Fig. S3: Staining with LepR antibody reveals that tdTomato+ cells located along the bone surface and osteocytes do not express leptin receptor. Limbs were harvested from 14 week‐old mice following bone mechanical loading and processed for histological analysis and leptin receptor immunolabeling. Upper panel: static tibia, lower panel: loaded tibia. Nuclei are labeled with DAPI (blue), tdTomato+ cells appear red, and cells labeled with leptin receptor antibody in green. Scale bar 100 μm, zooms i & ii 50 μm.
Fig. S4: Axial tibia loading of 12‐week‐old Lepr‐cre;tdTomato+ mice. Whole bone analyses of cortical bone between 15% and 85% of the total tibial length, excluding proximal and distal methaphyseal bone showing Imin, Imax, mean thickness of the cortex and the resistance to torsion. Loaded: red, static: black, Line graph represent means ± SEM, n = 7. Statistical significance of differences along the entire tibial shaft is represented as a heat map, red p < 0.001, yellow 0.001 ≤ p < 0.01, green 0.01 ≤ p < 0.05 and blue p ≥ 0.05.
Fig. S5: Ablation of AC6 in LepR+ cells does not result in a phenotype. (A) Mean weight progression of both genotypes from 8 to 12 weeks. (B) Summary of phenotypes found in Lepr‐cre;tdTomato and Lepr‐cre;tdTomato;AC6fl/fl mice.
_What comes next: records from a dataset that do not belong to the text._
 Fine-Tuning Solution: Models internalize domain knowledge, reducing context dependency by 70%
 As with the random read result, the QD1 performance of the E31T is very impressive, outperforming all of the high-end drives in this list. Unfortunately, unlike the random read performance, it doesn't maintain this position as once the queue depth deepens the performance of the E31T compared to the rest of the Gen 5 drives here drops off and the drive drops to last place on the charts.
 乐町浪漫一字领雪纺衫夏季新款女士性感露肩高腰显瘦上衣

Fig. S6: Patterns of LepR expression in adult Lepr‐cre;tdTomato and Lepr‐cre;tdTomato;AC6fl/fl mice. To assess whether tdTomato+ expression differs with the addition of an Adenylyl cyclase 6 knockdown in adult tissues. Organs were harvested from 14‐week‐old mice and processed for histological analyses and stained with hematoxylin and eosin or labeled with the nuclear dye DAPI. Scale bar 100 μm.
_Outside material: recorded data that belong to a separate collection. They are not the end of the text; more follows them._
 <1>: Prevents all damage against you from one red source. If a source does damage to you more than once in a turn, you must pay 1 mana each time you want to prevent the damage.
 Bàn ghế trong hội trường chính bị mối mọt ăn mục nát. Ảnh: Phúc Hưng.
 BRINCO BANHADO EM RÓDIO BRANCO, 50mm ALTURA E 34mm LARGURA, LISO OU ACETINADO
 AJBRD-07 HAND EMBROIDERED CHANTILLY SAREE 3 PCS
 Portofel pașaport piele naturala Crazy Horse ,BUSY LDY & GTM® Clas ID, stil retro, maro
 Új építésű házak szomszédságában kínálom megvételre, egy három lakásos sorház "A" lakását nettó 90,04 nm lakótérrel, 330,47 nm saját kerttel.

Fig. S7: Axial tibia loading of 12‐week‐old Lepr‐cre;tdTomato+;AC6fl/fl mice. Whole bone analyses of cortical bone between 15% and 90% of the total tibial length, excluding proximal and distal methaphyseal bone showing Imin, Imax, mean thickness of the cortex and the resistance to torsion. Loaded: red, static: black, Line graph represent means ± SEM. Statistical significance of differences along the entire tibial shaft is represented as a heat map, red p < 0.001, yellow 0.001 ≤ p < 0.01, green 0.01 ≤ p < 0.05 and blue p ≥ 0.05.